The United States Marshal shall file returned waivers of service as well as any requests for waivers of service that are returned as undelivered as soon as they are received. If a waiver of service is not returned by a defendant within THIRTY (30) DAYS from the date of mailing the request for waiver, the United States Marshal shall:

! Request that the Clerk prepare a summons for that defendant who has not yet returned a waiver of service; the Clerk shall then prepare such summons as requested.

! Personally serve process and a copy of this Order upon the defendant pursuant to Rule 4 of the Federal Rules of Civil Procedure and 28 U.S.C. § 566(c).

! Within ten days after personal service is effected, the United States Marshal shall file the return of service for the defendant, along with evidence of any attempts to secure a waiver of service of process and of the costs subsequently incurred in effecting service on said defendant. Said costs shall be enumerated on the USM-285 form and shall include the costs incurred by the Marshal's office for photocopying additional copies of the summons and complaint and for preparing new USM-285 forms, if required. Costs of service will be taxed against the personally served defendant in accordance with the provisions of Federal Rule of Civil Procedure 4(d)(2) unless the defendant shows good cause for such failure.

Plaintiff is ORDERED to serve upon defendant or, if appearance has been entered by counsel, upon that attorney, a copy of every further pleading or other document submitted for consideration by this Court. He shall include with the original paper to be filed with the Clerk of the Court a certificate stating the date that a true and correct copy of any document was mailed to defendant or his counsel. Any paper received by a district judge or magistrate judge which has not been filed with the Clerk or which fails to include a certificate of service will be disregarded by the Court.
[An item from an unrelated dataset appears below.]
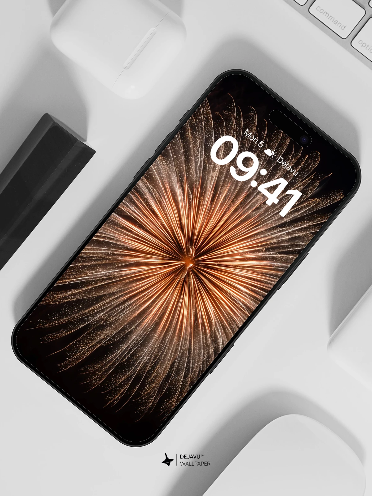 This breathtaking 8K wallpaper captures the radiant moment of a golden firework bursting into a symmetrical starburst, illuminating the darkness with warm, glowing streaks. The intricate patterns and luminous texture evoke a sense of celebration and wonder, making it an ideal choice for iPhone, Android, or tablet screens. Perfect for those who love dynamic, high-resolution visuals that bring energy and elegance to their device.

Defendants are ORDERED to timely file an appropriate responsive pleading to the complaint, and shall not waive filing a reply pursuant to 42 U.S.C. § 1997e(g).

Pursuant to Local Rule 72.1(a)(2), this cause is REFERRED to a United States Magistrate Judge for further pre-trial proceedings.
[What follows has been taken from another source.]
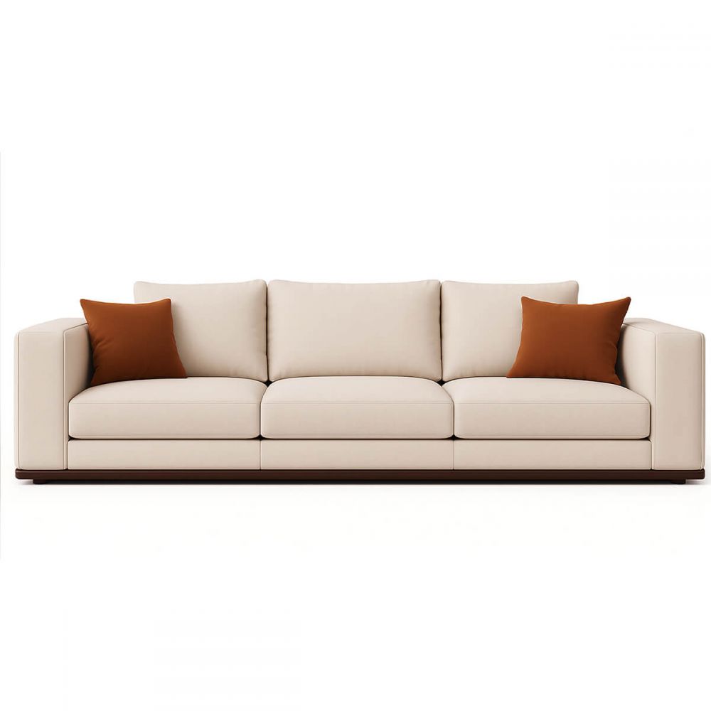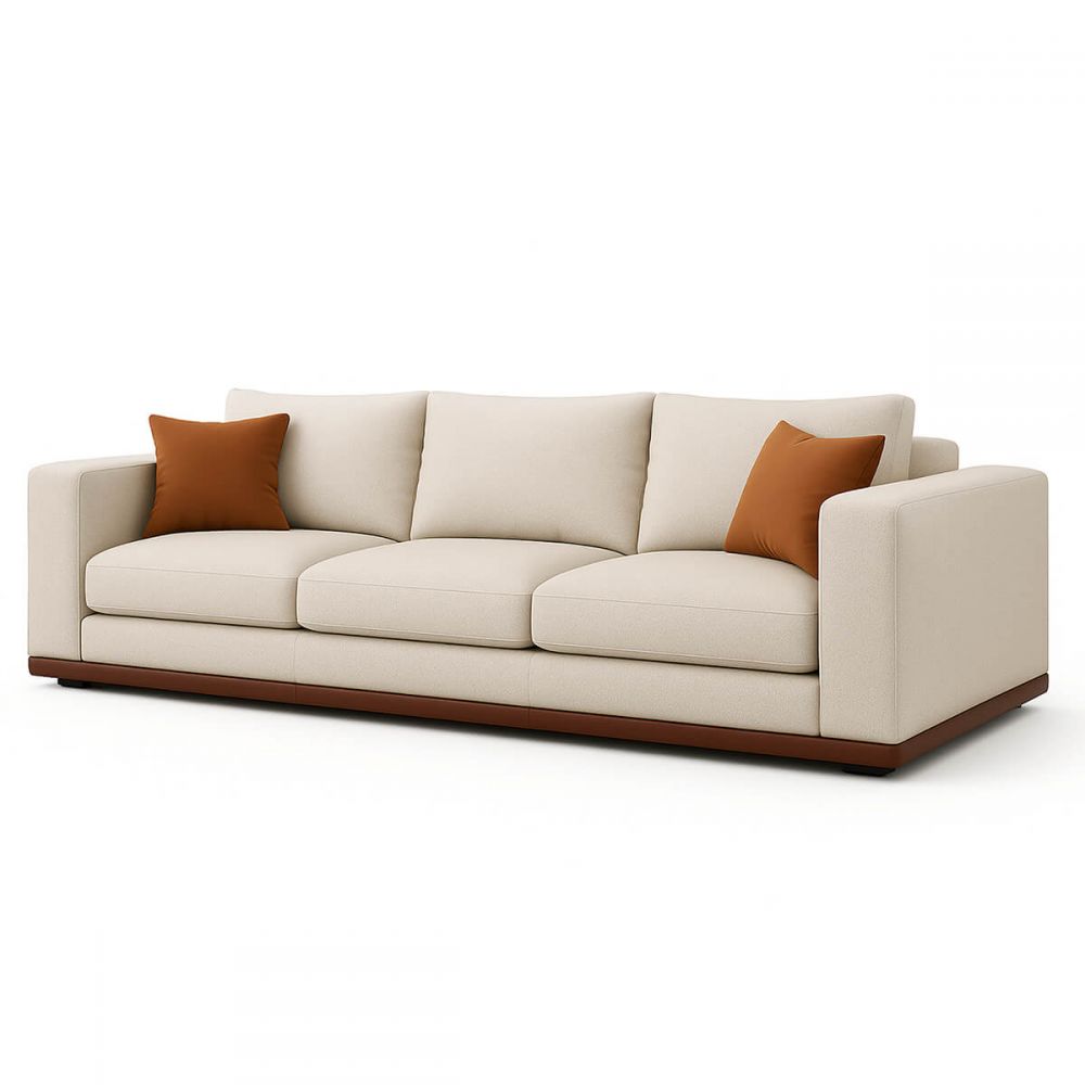Прямоугольный прямой силуэт с чёткими линиями. Мягкие тканевые подушки контрастируют с кожаным основанием. Это диван, который вмещает всех, но не выглядит громоздким. Гармония противоположностей, рассчитанная на большую семью.

Further, this entire matter is hereby REFERRED to a United States Magistrate Judge for disposition, as contemplated by Local Rule 72.2(b)(2) and 28 U.S.C. § 636(c), should all the parties consent to such a referral.

Plaintiff is under a continuing obligation to keep the Clerk and each opposing party informed of any change in his whereabouts. This shall be done in writing and not later than seven (7) days after a transfer or other change in address occurs.